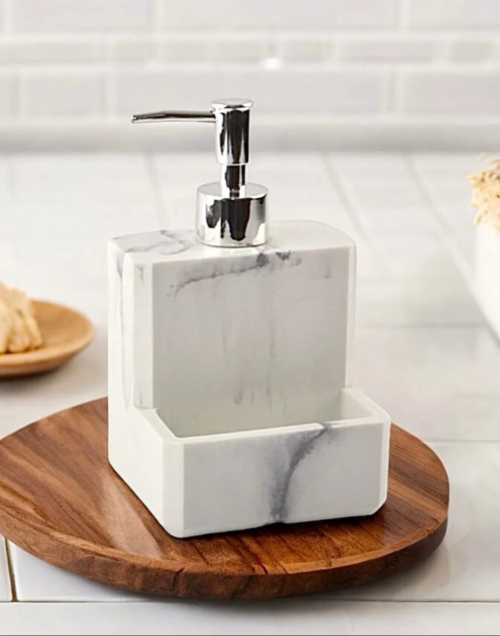 Dispenser de detergente de resina simil mármol con porta esponja.
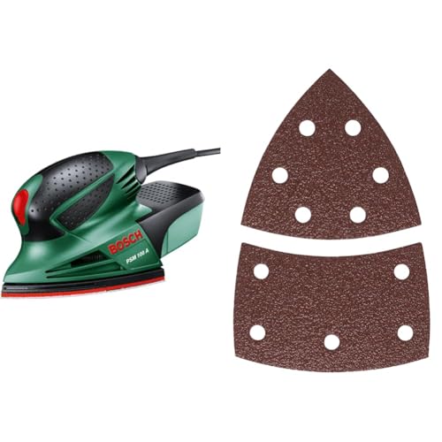 Bosch Ponceuse multi-usages PSM 100 A (100 watts, en coffret) + 10 feuilles abrasives (pour la peinture, le vernis, le bois dur/doux, les panneaux de particules, le métal, la rouille, grain 80)
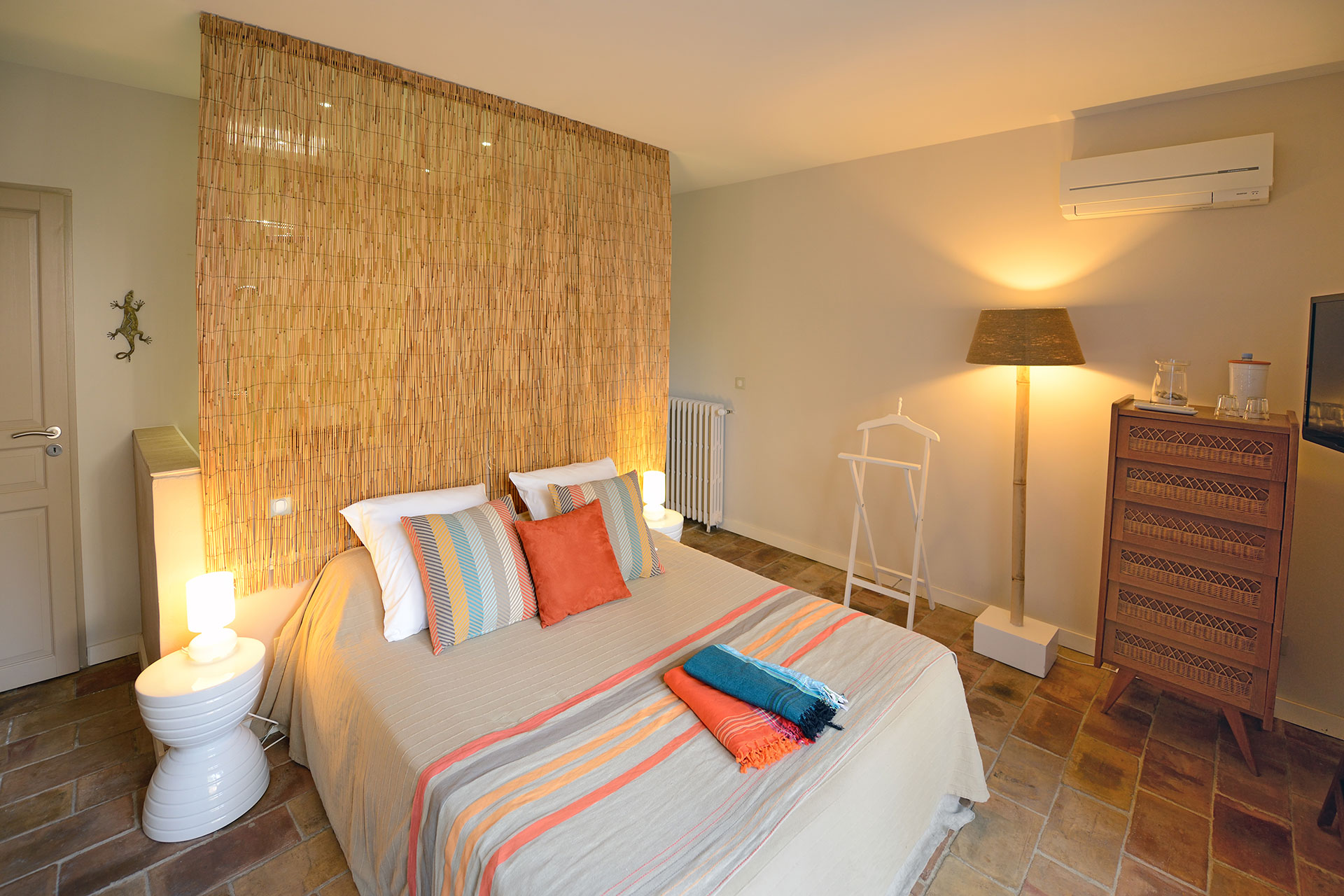 Appréciez l’univers « bord de mer » de cette chambre pour 2 personnes avec son sol en pare feuille et sa décoration naturelle !

> [Your task] Word-for-word transcription: the whole listing, with images excluded.

> [Completed exercise]
 Dispenser de detergente de resina simil mármol con porta esponja.
 Bosch Ponceuse multi-usages PSM 100 A (100 watts, en coffret) + 10 feuilles abrasives (pour la peinture, le vernis, le bois dur/doux, les panneaux de particules, le métal, la rouille, grain 80)
 Appréciez l’univers « bord de mer » de cette chambre pour 2 personnes avec son sol en pare feuille et sa décoration naturelle !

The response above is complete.